*TASK PROMPT*:
With the pictures left out, retype exactly the lines below starting at the line that contains "- 【Size of Bearded" and ending at the line that contains "引住了;廣東農(nóng)墾".

*MATERIAL PROVIDED*:
-*-

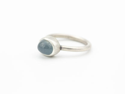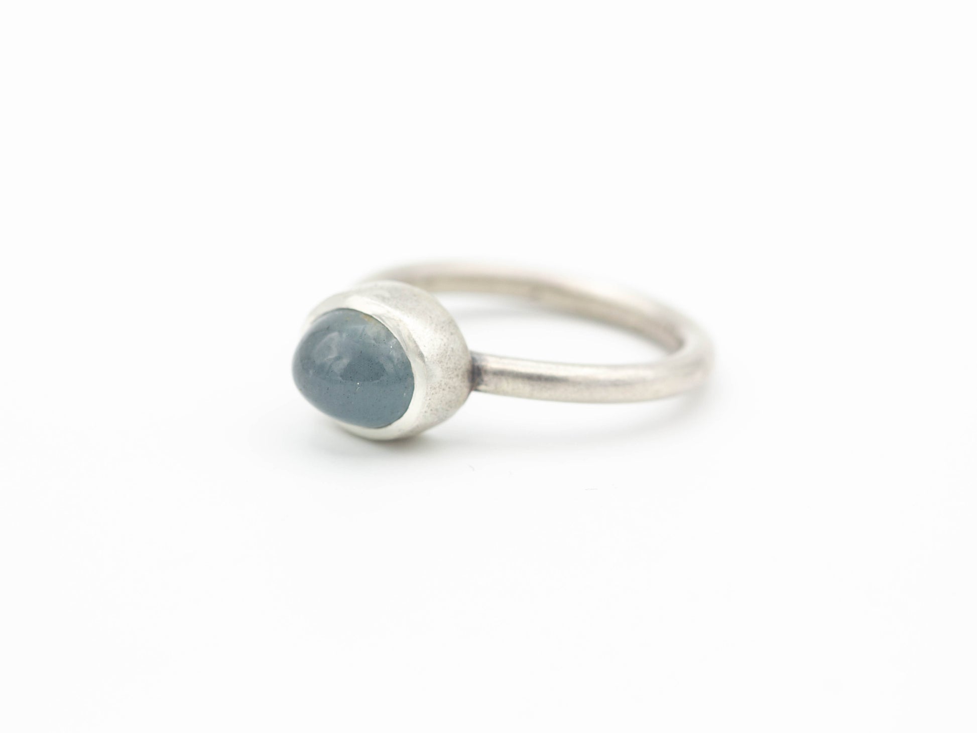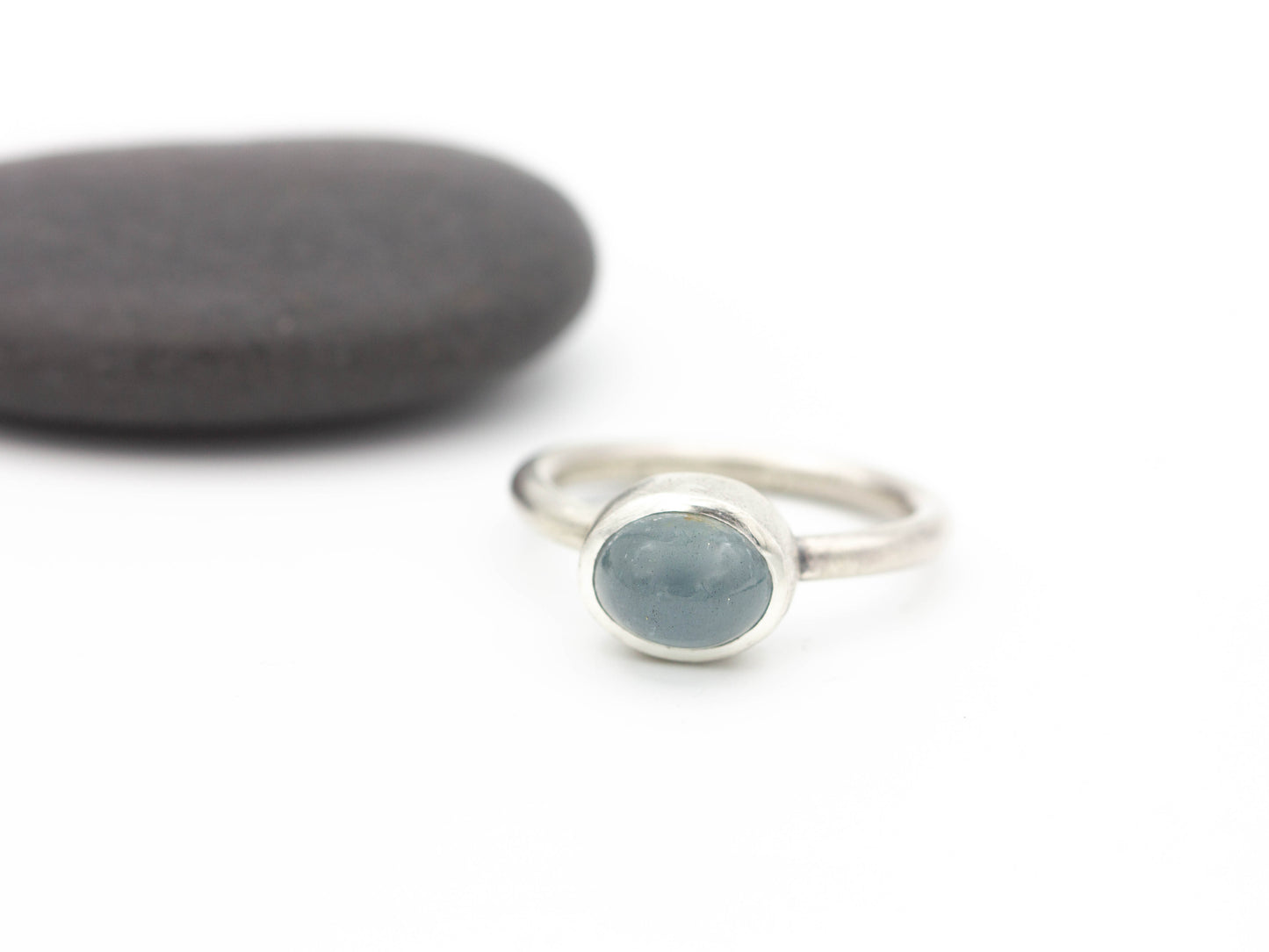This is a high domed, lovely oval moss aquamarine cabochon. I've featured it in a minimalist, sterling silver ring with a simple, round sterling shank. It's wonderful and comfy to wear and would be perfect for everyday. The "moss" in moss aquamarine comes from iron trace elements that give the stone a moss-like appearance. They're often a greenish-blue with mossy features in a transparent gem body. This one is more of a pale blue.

-*-

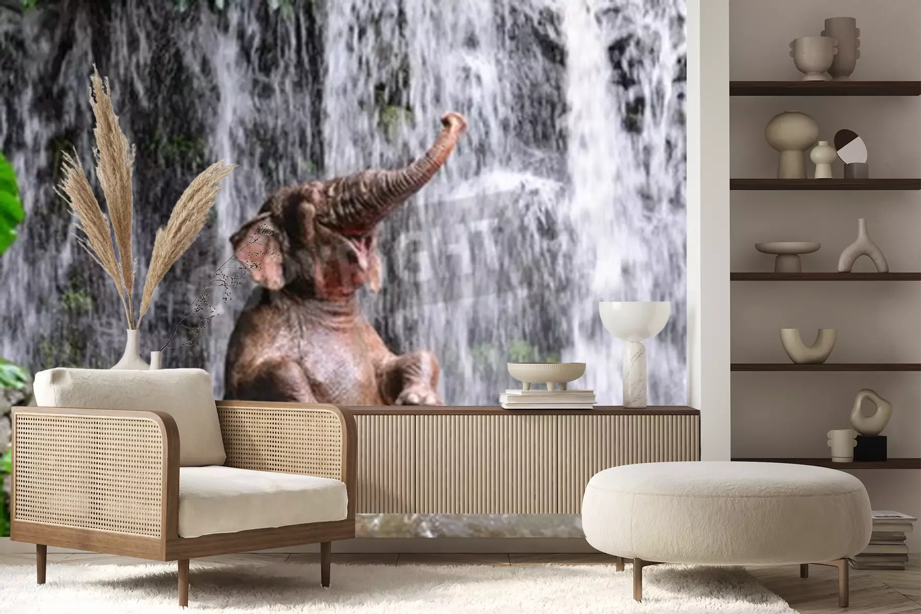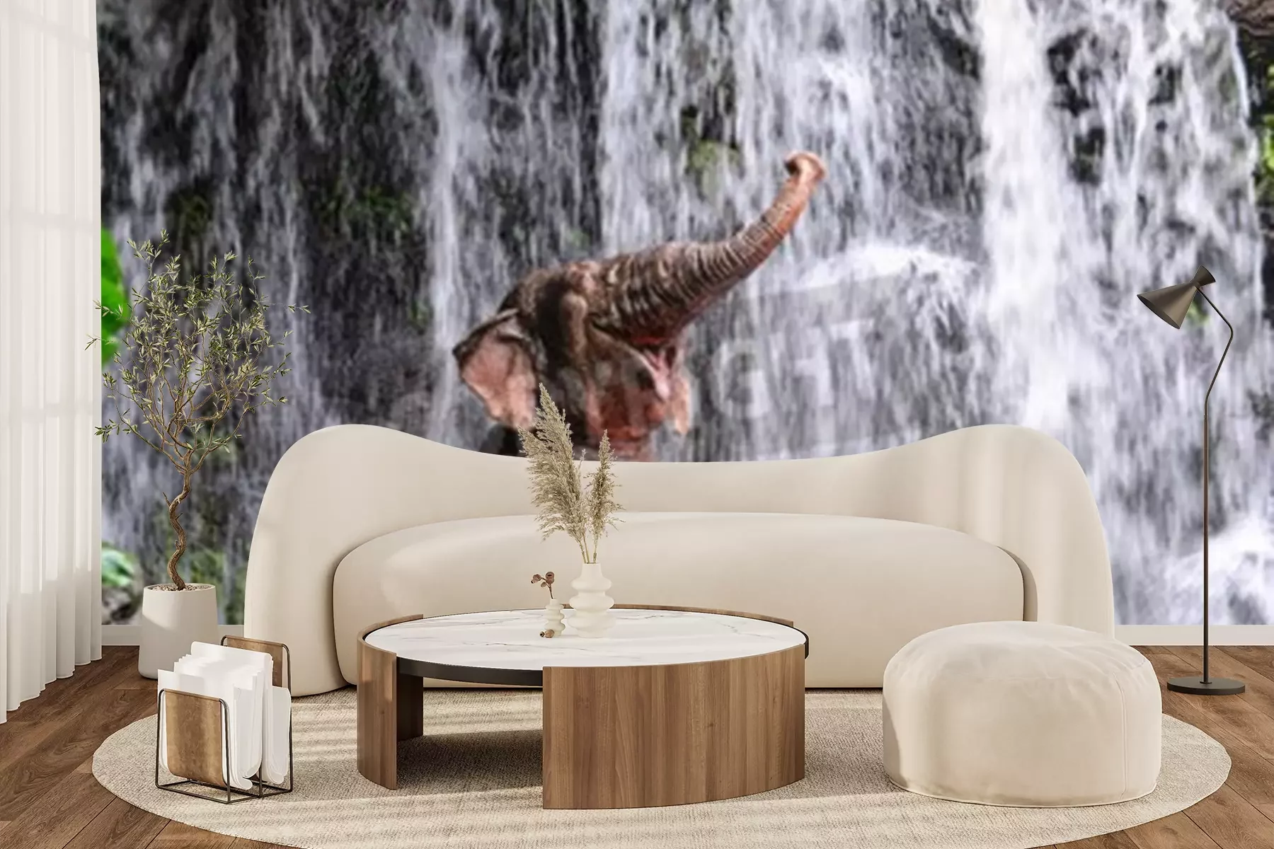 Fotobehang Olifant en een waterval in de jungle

-*-

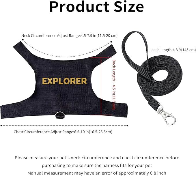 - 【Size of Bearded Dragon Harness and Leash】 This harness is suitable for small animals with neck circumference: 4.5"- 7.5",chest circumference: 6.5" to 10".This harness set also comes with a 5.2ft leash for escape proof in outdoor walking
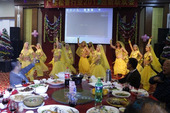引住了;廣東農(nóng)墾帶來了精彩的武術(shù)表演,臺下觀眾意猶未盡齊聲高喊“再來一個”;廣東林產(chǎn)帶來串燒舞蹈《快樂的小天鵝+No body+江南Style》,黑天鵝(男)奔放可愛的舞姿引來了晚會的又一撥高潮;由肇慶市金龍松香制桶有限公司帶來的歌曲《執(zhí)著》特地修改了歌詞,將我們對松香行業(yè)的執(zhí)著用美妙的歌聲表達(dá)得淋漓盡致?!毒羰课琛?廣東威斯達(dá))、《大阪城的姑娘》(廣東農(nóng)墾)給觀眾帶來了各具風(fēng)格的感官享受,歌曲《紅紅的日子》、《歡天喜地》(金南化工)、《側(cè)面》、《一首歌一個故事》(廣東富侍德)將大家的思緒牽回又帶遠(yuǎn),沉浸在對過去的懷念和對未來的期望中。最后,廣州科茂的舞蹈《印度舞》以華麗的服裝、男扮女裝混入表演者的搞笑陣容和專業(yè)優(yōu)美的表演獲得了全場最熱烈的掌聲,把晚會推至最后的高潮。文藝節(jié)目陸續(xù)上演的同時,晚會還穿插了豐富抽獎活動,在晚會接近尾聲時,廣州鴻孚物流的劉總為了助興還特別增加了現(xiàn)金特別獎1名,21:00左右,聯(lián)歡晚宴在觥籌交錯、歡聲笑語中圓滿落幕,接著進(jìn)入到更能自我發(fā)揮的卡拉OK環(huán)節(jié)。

-*-

*ANSWER SECTION*:
 - 【Size of Bearded Dragon Harness and Leash】 This harness is suitable for small animals with neck circumference: 4.5"- 7.5",chest circumference: 6.5" to 10".This harness set also comes with a 5.2ft leash for escape proof in outdoor walking
引住了;廣東農(nóng)墾帶來了精彩的武術(shù)表演,臺下觀眾意猶未盡齊聲高喊“再來一個”;廣東林產(chǎn)帶來串燒舞蹈《快樂的小天鵝+No body+江南Style》,黑天鵝(男)奔放可愛的舞姿引來了晚會的又一撥高潮;由肇慶市金龍松香制桶有限公司帶來的歌曲《執(zhí)著》特地修改了歌詞,將我們對松香行業(yè)的執(zhí)著用美妙的歌聲表達(dá)得淋漓盡致?!毒羰课琛?廣東威斯達(dá))、《大阪城的姑娘》(廣東農(nóng)墾)給觀眾帶來了各具風(fēng)格的感官享受,歌曲《紅紅的日子》、《歡天喜地》(金南化工)、《側(cè)面》、《一首歌一個故事》(廣東富侍德)將大家的思緒牽回又帶遠(yuǎn),沉浸在對過去的懷念和對未來的期望中。最后,廣州科茂的舞蹈《印度舞》以華麗的服裝、男扮女裝混入表演者的搞笑陣容和專業(yè)優(yōu)美的表演獲得了全場最熱烈的掌聲,把晚會推至最后的高潮。文藝節(jié)目陸續(xù)上演的同時,晚會還穿插了豐富抽獎活動,在晚會接近尾聲時,廣州鴻孚物流的劉總為了助興還特別增加了現(xiàn)金特別獎1名,21:00左右,聯(lián)歡晚宴在觥籌交錯、歡聲笑語中圓滿落幕,接著進(jìn)入到更能自我發(fā)揮的卡拉OK環(huán)節(jié)。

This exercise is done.